■ YOUR TASK
Exact copy, no pictures: return only the lines below from the line with "2024 #DooTrader 慈善杯" up to and including the line with "Our vintage inspired".

■ DATA FOR THIS EXERCISE

• • • • •

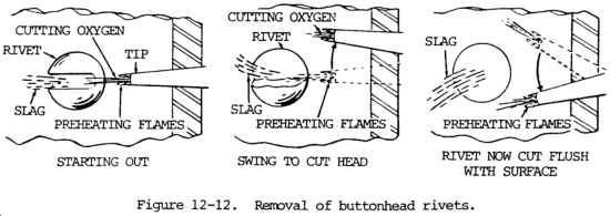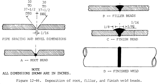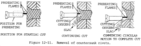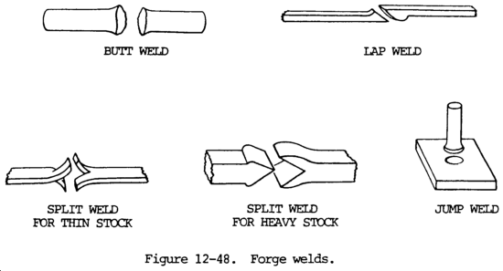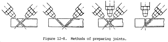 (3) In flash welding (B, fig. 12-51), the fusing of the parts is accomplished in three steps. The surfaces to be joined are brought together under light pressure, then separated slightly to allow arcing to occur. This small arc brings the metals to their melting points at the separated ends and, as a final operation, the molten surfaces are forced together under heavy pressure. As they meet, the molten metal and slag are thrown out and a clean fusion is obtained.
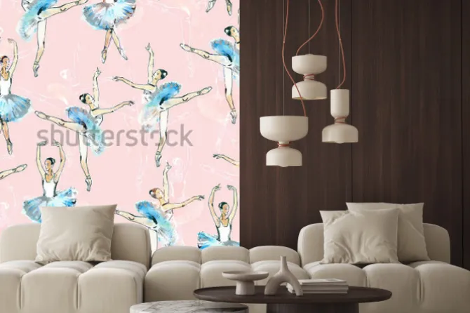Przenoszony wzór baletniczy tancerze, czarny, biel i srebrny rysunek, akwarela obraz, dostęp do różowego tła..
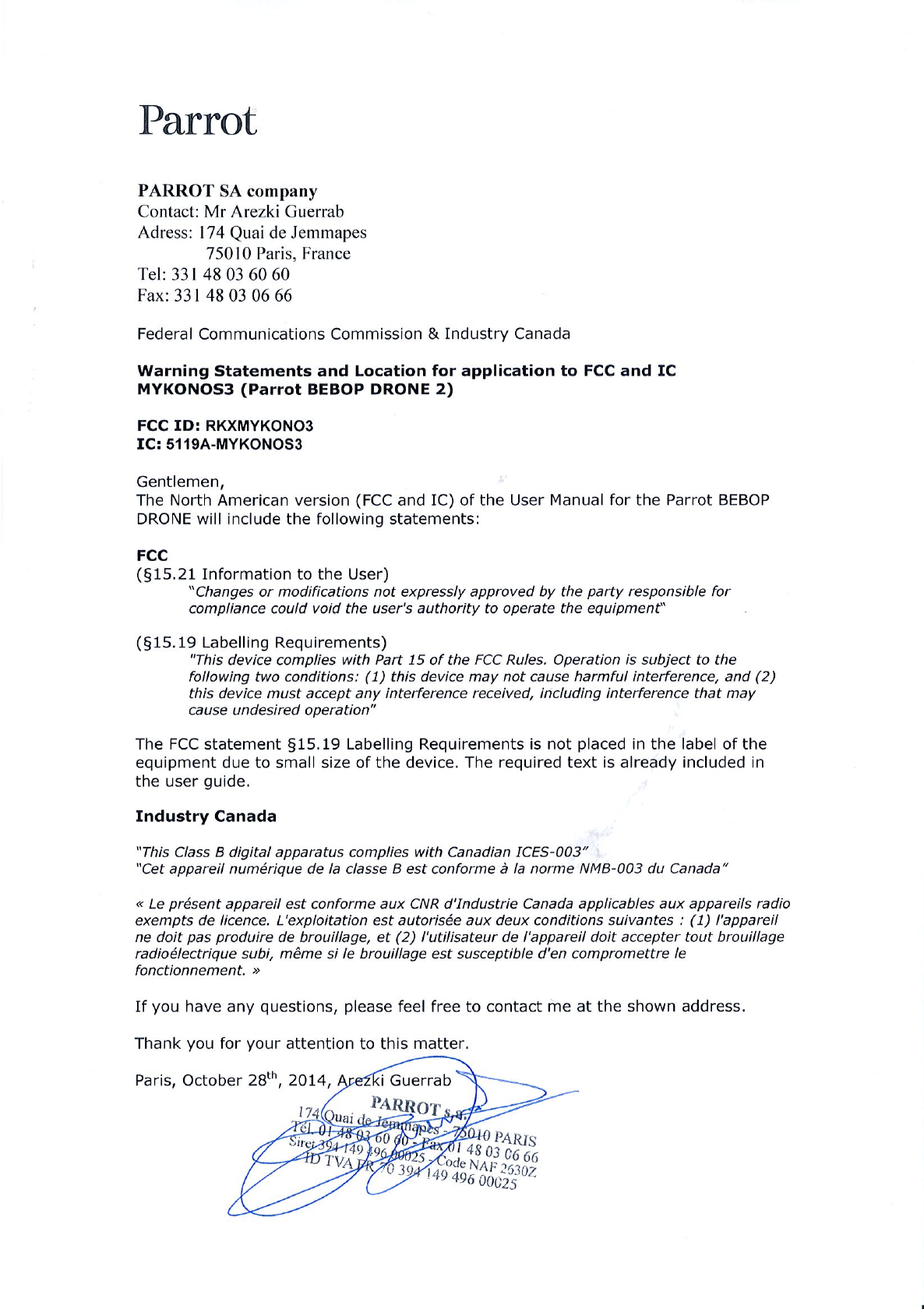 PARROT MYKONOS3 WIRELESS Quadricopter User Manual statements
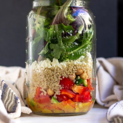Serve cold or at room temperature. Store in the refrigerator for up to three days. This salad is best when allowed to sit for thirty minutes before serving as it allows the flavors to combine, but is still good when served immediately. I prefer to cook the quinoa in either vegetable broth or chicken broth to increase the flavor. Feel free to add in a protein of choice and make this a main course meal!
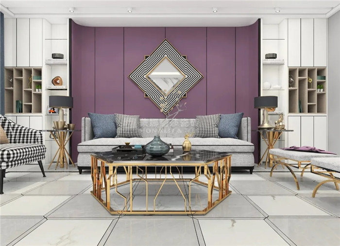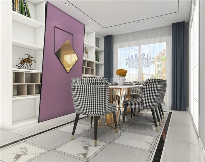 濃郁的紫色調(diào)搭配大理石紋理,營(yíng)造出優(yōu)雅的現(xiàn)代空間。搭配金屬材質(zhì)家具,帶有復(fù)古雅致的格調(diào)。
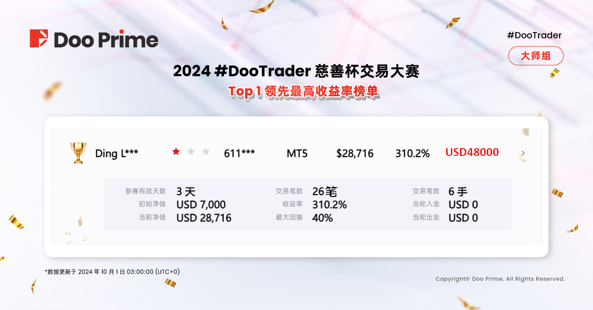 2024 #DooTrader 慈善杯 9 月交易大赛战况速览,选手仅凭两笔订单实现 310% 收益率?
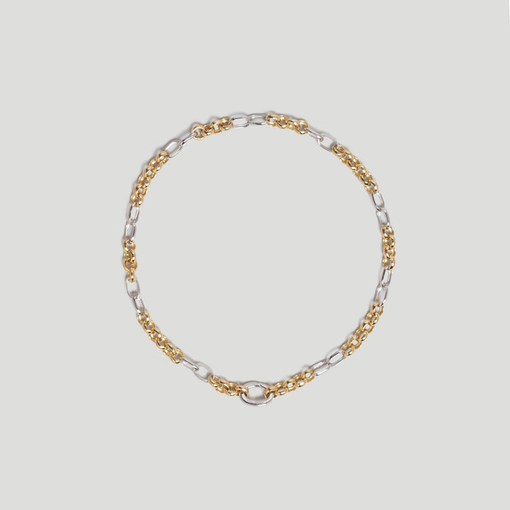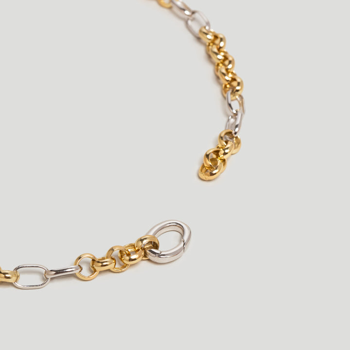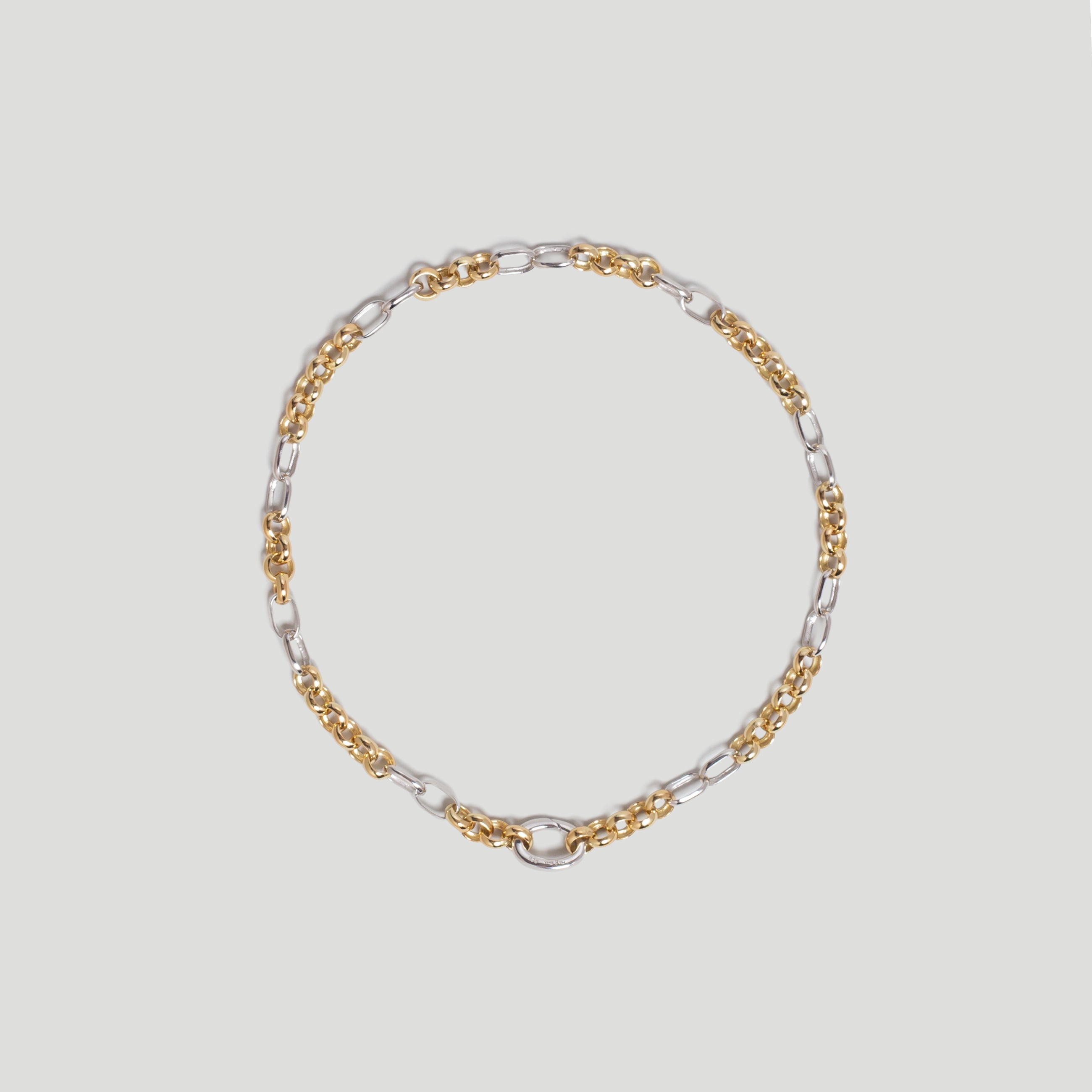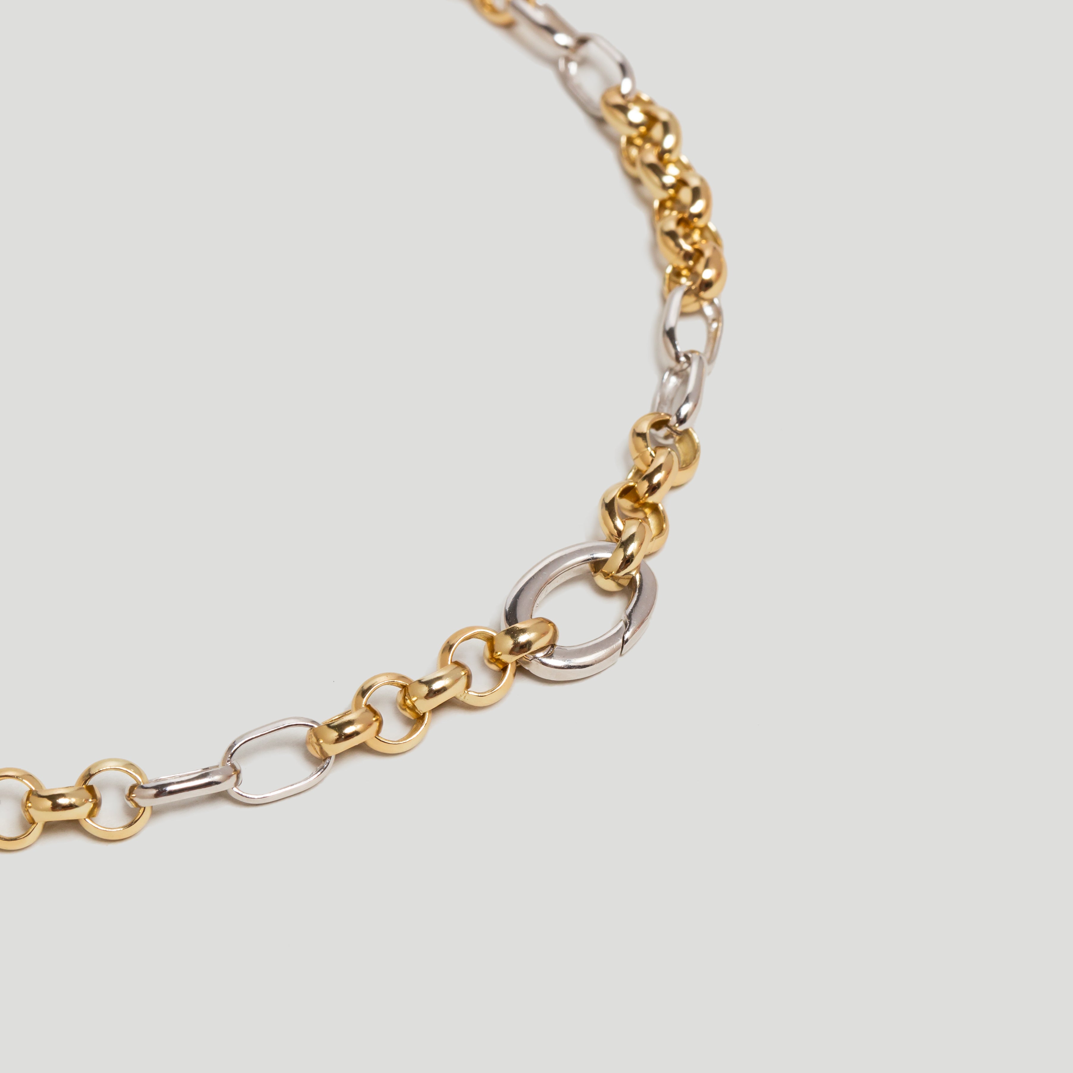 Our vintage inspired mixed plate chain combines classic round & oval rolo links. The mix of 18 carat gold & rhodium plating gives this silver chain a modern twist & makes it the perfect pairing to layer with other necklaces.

• • • • •

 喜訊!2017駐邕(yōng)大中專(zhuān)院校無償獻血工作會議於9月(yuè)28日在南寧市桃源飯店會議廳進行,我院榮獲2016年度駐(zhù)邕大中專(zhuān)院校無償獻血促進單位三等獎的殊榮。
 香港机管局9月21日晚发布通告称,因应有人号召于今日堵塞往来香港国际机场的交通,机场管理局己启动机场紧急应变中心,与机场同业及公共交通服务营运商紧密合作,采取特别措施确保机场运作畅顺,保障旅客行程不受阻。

• • • • •

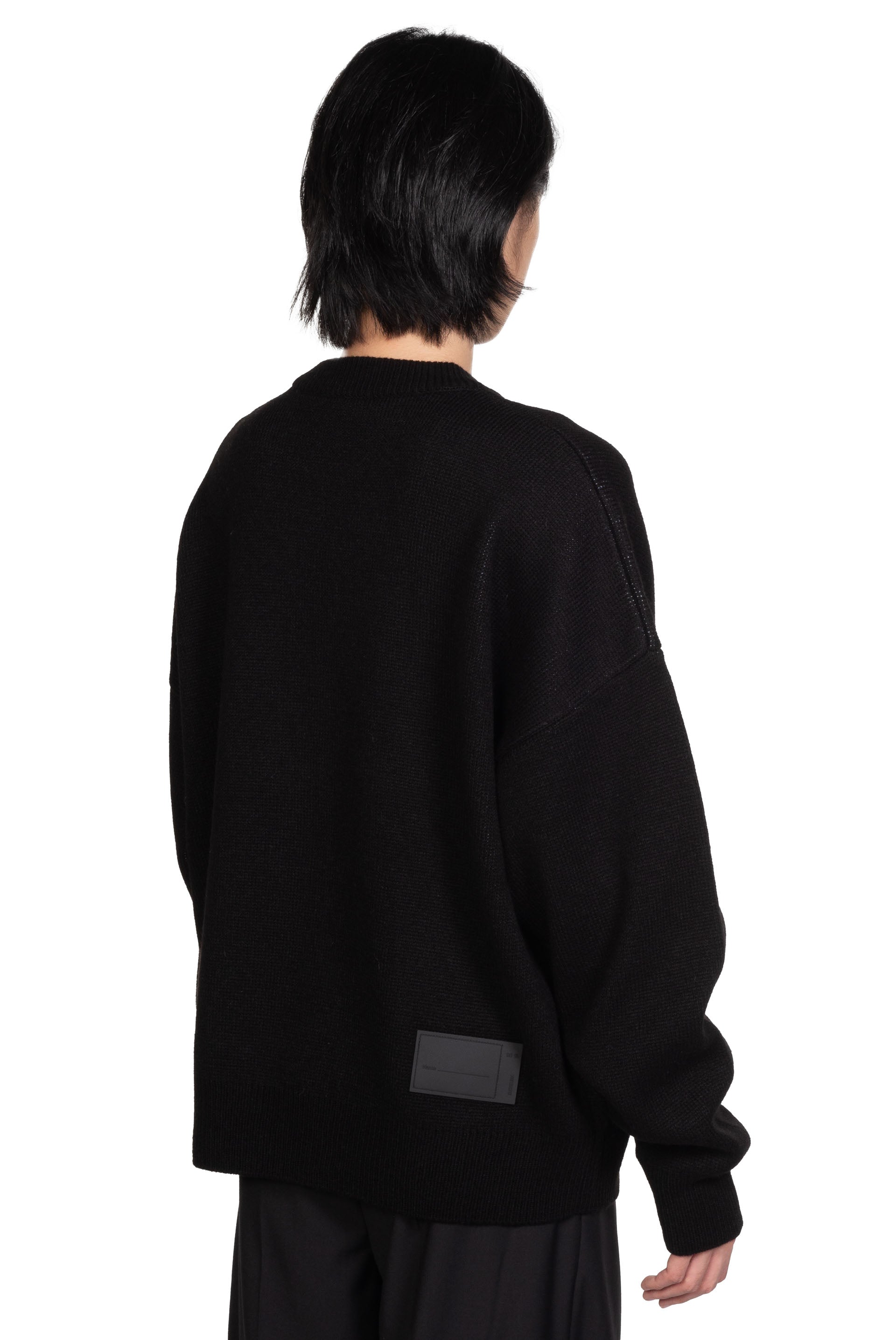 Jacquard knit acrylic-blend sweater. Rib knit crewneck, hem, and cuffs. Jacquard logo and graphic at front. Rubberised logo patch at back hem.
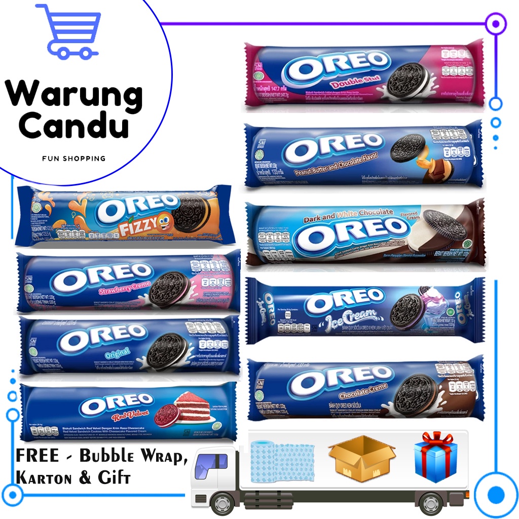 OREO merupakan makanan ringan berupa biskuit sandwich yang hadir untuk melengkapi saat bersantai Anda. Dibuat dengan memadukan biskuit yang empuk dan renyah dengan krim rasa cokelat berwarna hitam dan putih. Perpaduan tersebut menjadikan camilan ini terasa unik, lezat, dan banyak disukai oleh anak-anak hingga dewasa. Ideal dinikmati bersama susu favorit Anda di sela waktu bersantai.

• • • • •

■ OUTPUT BELOW
 2024 #DooTrader 慈善杯 9 月交易大赛战况速览,选手仅凭两笔订单实现 310% 收益率?
 Our vintage inspired mixed plate chain combines classic round & oval rolo links. The mix of 18 carat gold & rhodium plating gives this silver chain a modern twist & makes it the perfect pairing to layer with other necklaces.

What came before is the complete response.